To sum up, the simulation results of the proposed relative force/position hybrid controller of the DACR show that the two end-effectors of the DACR tracked the expected relative force and relative position well. The actual relative forces and positions oscillate to varying degrees only at the inflection points of the S-shaped trajectories. The absolute error between the actual and expected relative position of the DACR’s end-effectors was less than 0.0220 m, with a root mean square error of 0.0093. This demonstrates that the proposed relative force/position hybrid controller for the MDAR can effectively control the relative force and position of the two end-effectors and maintain good tracking of the expected values.

6. Conclusions

The objective of this investigation is to address the main problems associated with the presented MDAR in two key areas: the relative dynamics and control characteristics, and the following conclusions have been drawn:

• This paper established a relative dynamics model for a mobile dual-arm robot (MDAR), which precisely described the mapping relationship between relative forces and joint torques between the end-effectors of the two arms, laying the theoretical foundation for cooperative control.
• Based on the relative dynamics model, a force/position hybrid controller was proposed for the presented MDAR. By uniformly describing relative motion and relative force, this proposed controller achieved high-precision tracking of both the expected relative position and forces.
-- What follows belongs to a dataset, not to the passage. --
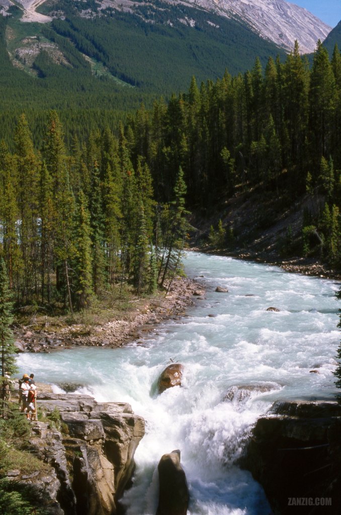 Back in 2002 I took also this alternative shot, taken from the main viewpoint on the bridge crossing the Sunwapta River. From that point you can see just the icy river embedded into the seemingly endless sea of green trees and – at the bottom of the frame – you can see the water thundering down.

Furthermore, the stability of the closed-loop system was theoretically proven via the Lyapunov function. Compared to traditional control methods, this approach significantly enhanced tracking accuracy and provided a robust control strategy for mobile two arms collaborative operation systems.
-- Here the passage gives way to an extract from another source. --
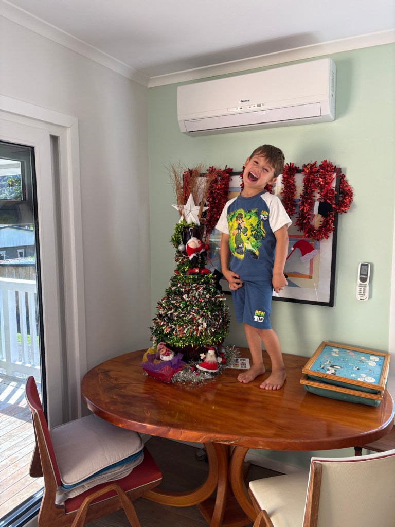 And that’s about a wrap as we countdown the 6 sleeps to Christmas Day, December rain and wind returning for the festive week, and for my offspring a much looked forward to holiday! Dan returns from Waiheke today for a couple of weeks break with his Fanily, Jax and Steph have two weeks of coming and going from the cottage, and George and Jess are taking a mini break up north between Christmas and New Year….while Gran’ma babysits the cat!!

• The relative force/position hybrid control simulations were performed on the DACR for coal mine to verify the effectiveness of the proposed relative force/position hybrid controller. All joint outputs required by the controller during operation fell within the system’s capabilities and fully satisfied the cutting load demands of coal mines. The two end-effectors of the DACR maintained good tracking of the expected relative forces and position, exhibiting a maximum absolute error of 0.0220 m and a root mean square error of 0.0093 m. This indicated that the relative force/position controller could simultaneously control the relative position of the two end-effectors of the MDAR and the relative force to the environment with good control accuracy. The results obtained of this study established a theoretical foundation for controlling, analyzing, and implementing the proposed MDAR system.